Turbine systems are widely utilized in fields such as power generation. For example, a conventional gas turbine system includes a compressor, a combustor, and a turbine. During operation of a turbine system, many components of the system may be subjected to significant structural vibrations and thermal expansion. These effects can stress the components and eventually cause the components to fail.

Of particular concern in many turbine systems is the combustor liner. Traditional gas turbine combustors use diffusion (i.e., non-premixed) combustion in which fuel and air enter the combustion chamber separately. The process of mixing and burning can produce flame temperatures exceeding 3900° F. Due to such high temperatures, steps to protect the combustor liner must be taken. This has typically been done by film-cooling which involves introducing relatively cool compressor air into a plenum formed by the combustor liner surrounding the outside of the combustor.

One significant improvement in such cooling efforts has been the development of a cover plate which is positioned on the outside of the combustor liner to define a plurality of passages therebetween. Cooling air is directed through the cover plate to the passages, and then flows through the passages to cool the combustor liner.

However, assembly of the cover plate to the combustor liner is difficult and time consuming. Cooling holes in the cover plate must be precisely aligned with corresponding channels in the combustor liner for the desired cooling of the combustor liner to be successful. Misalignment can result in damage to or failure of the combustor liner.

Accordingly, improved methods and apparatus for assembly combustors are desired in the art. In particular, methods and apparatus which facilitate improved, precise alignment of the cover plate with the combustor liner would be advantageous.

BRIEF DESCRIPTION

Aspects and advantages of the invention will be set forth in part in the following description, or may be obvious from the description, or may be learned through practice of the invention.

In accordance with one embodiment, the present disclosure is directed to a method for assembling a combustor. The method includes positioning an alignment tool in an axial channel of a combustor liner. The alignment tool includes a base and an alignment rod extending from the base. The method further includes positioning a cover plate around the combustor liner. A plurality of cooling holes are defined in the cover plate. The method further includes aligning the cover plate with the combustor liner by inserting the alignment rod through one of the plurality of cooling holes.

In accordance with another embodiment, the present disclosure is directed to an alignment tool for assembling a combustor. The combustor includes a combustor liner and a cover plate, the combustor liner having an aft end and an annular array of channels defined at the aft end, the cover plate defining an annular array of cooling holes. The alignment tool includes a base, the base positionable in one of the channels. The alignment tool further includes an alignment rod extending from the base, the alignment rod insertable through one of the cooling holes.
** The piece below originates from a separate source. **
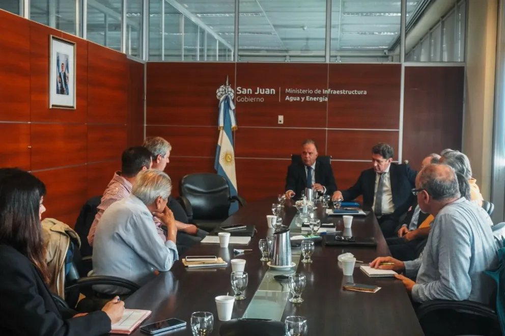 Del encuentro participaron el ministro de Producción, Trabajo e Innovación, Gustavo Fernández, y el ministro de Infraestructura, Agua y Energía, Fernando Perea, junto a integrantes del Consejo de Regantes del Departamento de Hidráulica y varios presidentes de las Juntas de Riego.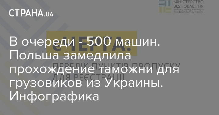 "Вчера на таможенном пункте Рава Русская - Гребенне за сутки пропустили всего три грузовика, а в очереди стоит 500 машин. Такими темпами мы можем простоять на границе еще несколько месяцев. Поляки в свою очередь о причинах задержки не сообщают",- рассказывать перевозчик. Эти заявления также подтверждаются данными из электронной очереди по пересечению границы "єЧерга".

In accordance with another embodiment, the present disclosure is directed to an aligned combustor assembly. The aligned combustor assembly includes a combustor liner, the combustor liner having an aft end and an annular array of channels defined at the aft end. The aligned combustor assembly further includes a cover plate surrounding the combustor liner, the cover plate defining an annular array of cooling holes. The aligned combustor assembly further includes an alignment tool, the alignment tool including a base and an alignment rod extending from the base, the base positioned in one of the channels, the alignment rod inserted through one of the cooling holes. The one of the cooling holes is aligned with the one of the channels.

These and other features, aspects and advantages of the present invention will become better understood with reference to the following description and appended claims. The accompanying drawings, which are incorporated in and constitute a part of this specification, illustrate embodiments of the invention and, together with the description, serve to explain the principles of the invention.

BRIEF DESCRIPTION

A full and enabling disclosure of the present invention, including the best mode thereof, directed to one of ordinary skill in the art, is set forth in the specification, which makes reference to the appended figures, in which:

FIG. 1 is a schematic illustration of a gas turbine system in accordance with embodiments of the present disclosure;

FIG. 2 is a side cutaway view of various components of a gas turbine system in accordance with embodiments of the present disclosure;

FIG. 3 is a cutaway perspective view of a combustor liner and a flow sleeve coupled to a transition piece in accordance with embodiments of the present disclosure;

FIG. 4 is a partial exploded view of an aft end of a combustor liner in accordance with embodiments of the present disclosure;

FIG. 5 is an end perspective view of a combustor liner with an alignment tool positioned thereon in accordance with embodiments of the present disclosure; and

FIG. 6 is an end perspective view of a combustor liner with an alignment tool positioned thereof and a cover plate positioned relative to the combustor liner in accordance with embodiments of the present disclosure.

DETAILED DESCRIPTION

Reference now will be made in detail to embodiments of the invention, one or more examples of which are illustrated in the drawings. Each example is provided by way of explanation of the invention, not limitation of the invention. In fact, it will be apparent to those skilled in the art that various modifications and variations can be made in the present invention without departing from the scope or spirit of the invention. For instance, features illustrated or described as part of one embodiment can be used with another embodiment to yield a still further embodiment. Thus, it is intended that the present invention covers such modifications and variations as come within the scope of the appended claims and their equivalents.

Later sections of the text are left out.